##### DATASET EXCERPTS
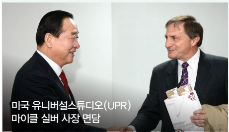
미국 유니버설스튜디오(UPR) 마이클 실버 사장 면담
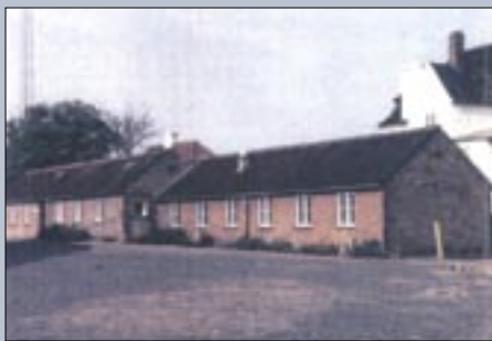
Banetjenestens bygning, kolonnehus for 8. banemesterstrækning

baneformand og banenæstformand havde kontorer. Banetjenesten havde ansvar for sporene, bygning af spor og vedligeholdelse heraf, samt for vognomlæsning, mv. I baggården var der overdækkede opbevaringspladser – både åbne og lukkede, og det var her, de havde tjenestens materiel liggende i depot.
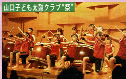
山口子ども太鼓クラブ「祭」
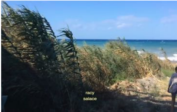
Rosa Aiello Amore Molesto , 2017 (Videostill) HD Video, 27.28 Minuten
##########
WORK TO COMPLETE => All entries above, minus the pictures, should be repeated exactly.

ANSWER FOR THIS EXERCISE =>
미국 유니버설스튜디오(UPR) 마이클 실버 사장 면담
Banetjenestens bygning, kolonnehus for 8. banemesterstrækning

baneformand og banenæstformand havde kontorer. Banetjenesten havde ansvar for sporene, bygning af spor og vedligeholdelse heraf, samt for vognomlæsning, mv. I baggården var der overdækkede opbevaringspladser – både åbne og lukkede, og det var her, de havde tjenestens materiel liggende i depot.
山口子ども太鼓クラブ「祭」
Rosa Aiello Amore Molesto , 2017 (Videostill) HD Video, 27.28 Minuten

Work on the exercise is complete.